Japanese and Nikkei at Home and Abroad
Title | Japanese and Nikkei at Home and Abroad PDF eBook |
Author | |
Publisher | Cambria Press |
Total Pages | 350 |
Release | |
Genre | |
ISBN | 1621968979 |
Sentiment, Language, and the Arts: The Japanese- Brazilian Heritage
Title | Sentiment, Language, and the Arts: The Japanese- Brazilian Heritage PDF eBook |
Author | Shūhei Hosokawa |
Publisher | BRILL |
Total Pages | 406 |
Release | 2019-11-11 |
Genre | Social Science |
ISBN | 900439639X |
Sentiments, Language, and the Arts: The Japanese-Brazilian Heritage explores the complex feelings of Japanese immigrants in Brazil, focusing on their yearning for “home” as a way of interpreting the shifting nature of their identity. To understand the immigrants’ lives and feelings from their own perspective, Hosokawa looks closely at their poetry, linguistic activities such as the borrowing of Portuguese words, amateur speech contests, and a fantasy about the shared origins of Japanese and the Brazilian indigenous language Tupi. He also examines the issue of group identity through the performing arts, analyzing the reception of Japanese sopranos who sang the title role in Madam Butterfly, participation in Carnival parades, and the oral storytelling of their history in popular narratives called rôkyoku. Translated from Japanese by Paul Warham.

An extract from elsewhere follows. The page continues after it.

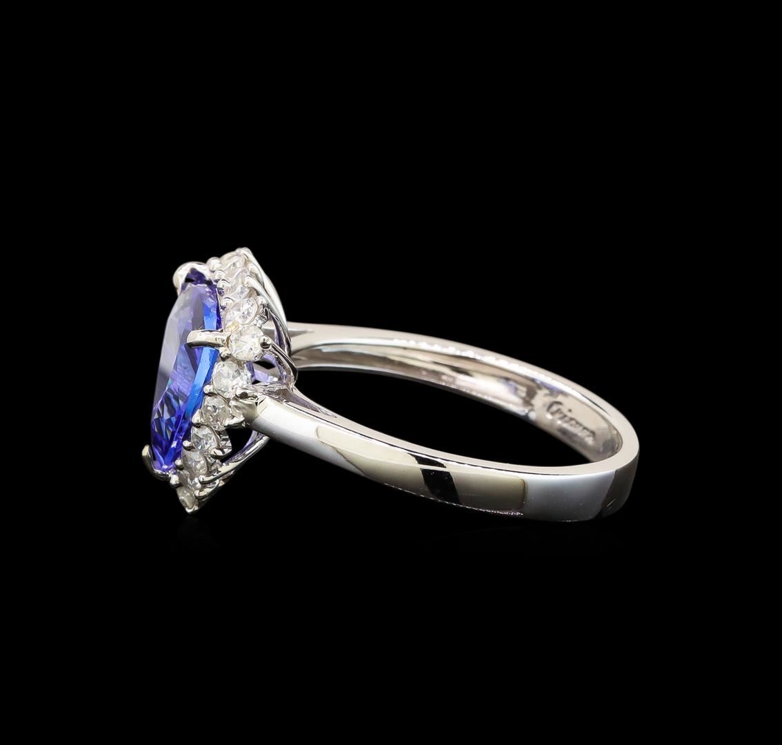One electronically tested 14KT white gold ladies cast tanzanite and diamond ring with a flat shank with a bright polish finish. Trademark is Orianne. Identified with markings of "14K". Condition is new. Containing: One prong set triangle modified brilliant cut natural tanzanite, measuring 9.30 x 9.30 x 6.32mm, approximate weight of 3.30ct., clarity is eye clean, type I, medium light, very slightly grayish, violet color, (GIA V 4/3), cut is good. Eighteen prong set round brilliant cut diamonds, measuring 1.50 - 1.50 x 0.90mm (depth est.) approximate total weight of 18 Stones = 0.22ct. Clarity: SI-2 to I-2. Color: I - J, Cut is Good. All diamonds and colored gemstones are graded in the mounting, unless otherwise stated. Colored gemstones are presumed to have been subjected to commonly used enhancement processes.. Total Weight of Colored Stones 3.30ct. Total Weight of Diamonds 0.22ct. Total Weight of Ring 3.40 grams. GGL Appraised at $3,280.00.
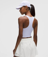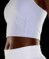 Designed for Running Soft, Sleek Fabric - Soft, sleek, and supportive - Sweat-wicking - Quick-drying - Has a smooth, lightweight feel with a matte finish Medium Support, B/C Cups - Intended to provide medium support for a B/C cup - Tight fit contours your body - Cropped length is cut above the waist—perfect with high-rise pants - Intended for medium-impact activities Product Features - Built-in shelf bra for added support and coverage - Pockets for optional, removable cups - Racerback shape allows for full range of movement - Zippered back pocket holds a phone and other essentials Material and care Materials Body: 68% Nylon32% Elastane - Bra Lining: 90% Recycled Polyester10% Lycra Elastane - Cup Liner: 89% Recycled Nylon11% Elastane Care Machine Wash Cold - Do Not Bleach - Tumble Dry Low - Do Not Iron - Do Not Dry Clean - Wash With Like Colors

An Ethnography of the Lives of Japanese and Japanese Brazilian Migrants
Title | An Ethnography of the Lives of Japanese and Japanese Brazilian Migrants PDF eBook |
Author | Ethel V. Kosminsky |
Publisher | Lexington Books |
Total Pages | 376 |
Release | 2022-05-15 |
Genre | |
ISBN | 9781498522618 |
This book explores the Japanese emigration to the planned colony of Bastos in São Paulo, Brazil in the early twentieth century. Using interviews and fieldwork done in both Bastos and Japan, Ethel Kosminsky analyzes the consequences of these temporary labor migrations on the immigrants and their families.